The Risk Assessment of the Fire Occurrence According to Urban Facilities in Jinju-si (진주시 도시시설물별 화재발생 위험도 평가)

  • Bae, Gyu Han;Won, Tae Hong;Yoo, Hwan Hee
    • Journal of Korean Society for Geospatial Information Science
    • /
    • v.24 no.1
    • /
    • pp.43-50
    • /
    • 2016
  • Urbanization in Korea has increased significantly and subsequently, various facilities have been concentrated in urban areas at high speed in accordance with a growing urban population. Accordingly, damages have occurred due to a variety of disasters. In particular, fire damage among the social disasters caused the most severe damage in urban areas along with traffic accidents. 44,432 cases of fire occurred in 2015 in Korea. Due to these accidents, 253 were killed and property damage of 4,50 billion won was generated. However, despite the efforts to reduce a variety of damage, fire danger still remains high. In this regard, this study collected fire data, generated from 2007 to 2014 through the Jinju Fire Department and the National Fire Data System(NFDS) and calculated fire risk by analyzing the clustering of fire cases and facilities in Jinju-si based on the current DB of facilities, offered by the Ministry of Government Administration and Home Affairs.

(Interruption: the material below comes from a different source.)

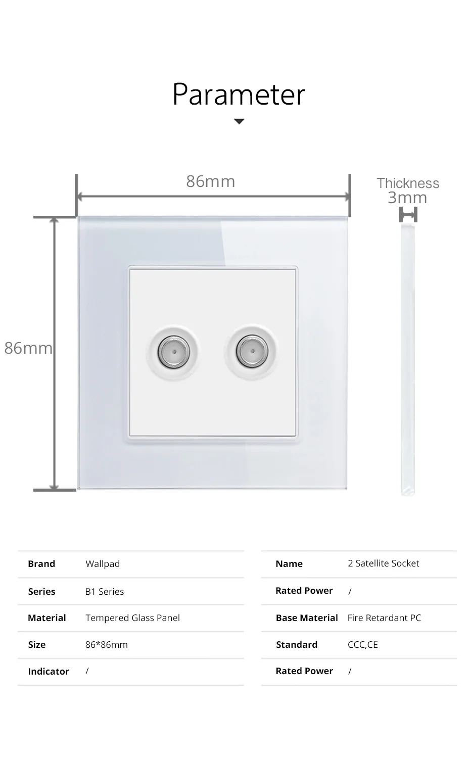 Wallpad S6, Белая Двойная спутниковая ТВ-антенна, розетка для прово...

As a result, the risk ratings of fire occurrence were classified as four stages under the standards of the US Society of Fire Protection Engineers(SEPE). Business facilities, entertainment facilities, and automobile facilities were classified as the highest A grade, detached houses, Apartment houses, education facilities, sales facilities, accommodation, set of facilities, medical facilities, industrial facilities, and life service facilities were classified as U grade, and other facilities were classified as EU grade. Finally, hazardous production facilities were classified as BEU grade, the lowest grade. In addition, in the case of setting the standard with loss of life, the highest risk facility was the hazardous production facilities, while in the case of setting the standard with property damage, a set of facilities and industrial facilities showed the highest risk. In this regard, this study is expected to be effectively utilized to establish the fire reduction measures against facilities, distributed in urban space by calculating risk grades regarding the generation frequency, casualties, and property damage, through the classification of fire, occurred in the city, according to the facilities.